Deprem ve kayıpların izahı ergenden ergene değişiklik gösterecektir. Ergenin düşünce ve inanç dünyasını yıkmadan deprem olgusu anlatılmalıdır. Depremin bir ceza olduğunu düşünen ergenlere neden sonuç ilişkisi kurarak yani teknik açıklamalarda bulunulmalıdır. Depremin bir ceza olduğunu düşüncesi ergenlerde, suçluluk ve değersizlik duygularının oluşmasına veya oluşmuş olan bu düşünce ve duyguların pekişmesine neden olabilmektedir. Bu nedenle bu tür konuşmalarda bulunan ergeni sadece dinlemek ve kendini ifade etme imkânı sağlamak yeterli olacaktır.

Eğitim süreci, sosyalleşme ve kendini ifade etmeyi sağlıyor

Eğitim hayatında da isteksizlik, dikkatsizlik, odaklanamama ve öğrenmenin gereksizliği veya boş olduğuna dair düşünce ve duygular yaşanabilir. Eğitimin içinde olmak bu süreçte sosyalleşme ve kendini ifade etme imkânı sağlayacaktır. Bu nedenle eğitim kurumlarının mutlaka sosyal becerileri geliştirici etkinliklerde bulunması gerekmektedir. Öğrenme faaliyetlerinde daha esnek ve destekleyici olmak çok önemlidir.
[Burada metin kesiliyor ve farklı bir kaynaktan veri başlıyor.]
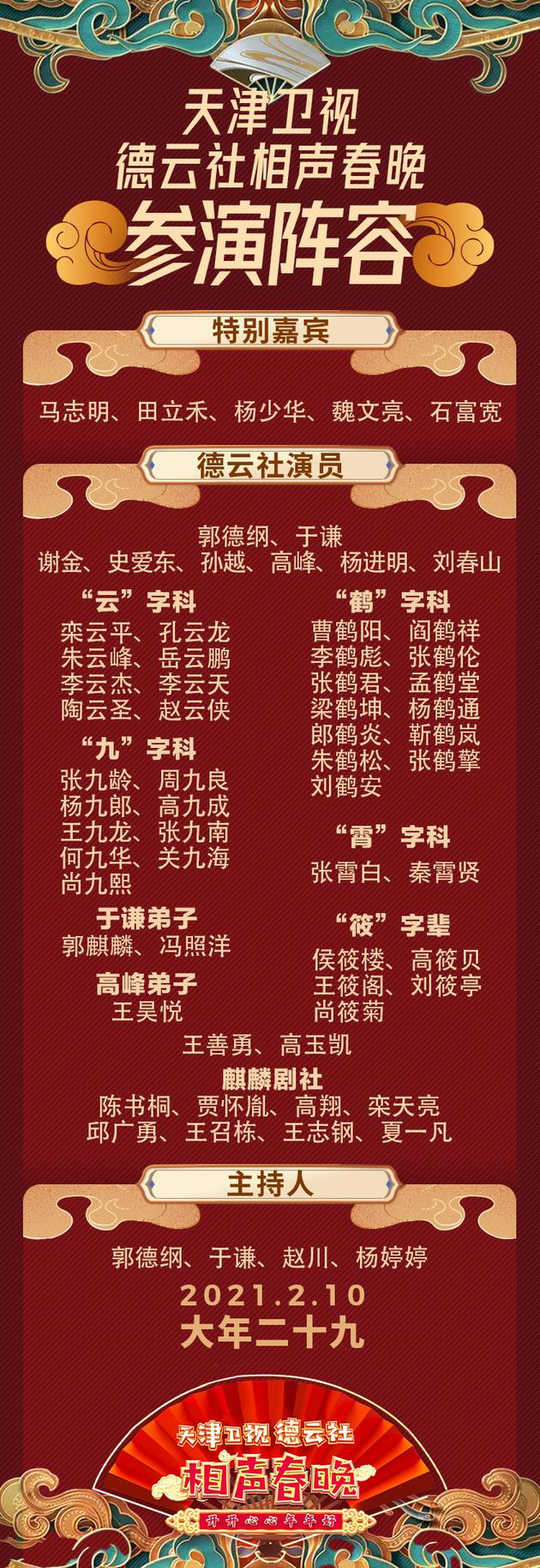 1月17日,2021年天津卫视德云社相声春晚在录制现场举办了媒体见面会,郭德纲携于谦、郭麒麟、栾云平、岳云鹏、孟鹤堂、周九良、秦霄贤出席,并正式对外官宣相声春晚阵容名单。

Bu tür psikososyal desteğinin sistematik ve profesyonellerce yapılması çok önemlidir.

Ergeni merkeze alan bir destekte bulunmak önemli

Ergene öncelikle ilişki kurmayı merkeze alan bir destekte bulunulmalıdır. Daha sonra yaşanan inkar döneminde profesyonel desteğin nasıl verileceği; ergenin travma sürecinde göstereceği ilerleme ya da gerilemelere yönelik olarak uzman tarafından belirlenmelidir. Ancak herkes için hazır bir destek programı yoktur. Her bireyin kendi öznelliği içinde ilerlemesi gereken bir destek oluşturulmalıdır. İşte tam bu nedenle de bu desteğin herhangi kişiler tarafından değil uzmanlar tarafından sağlanması önemlidir.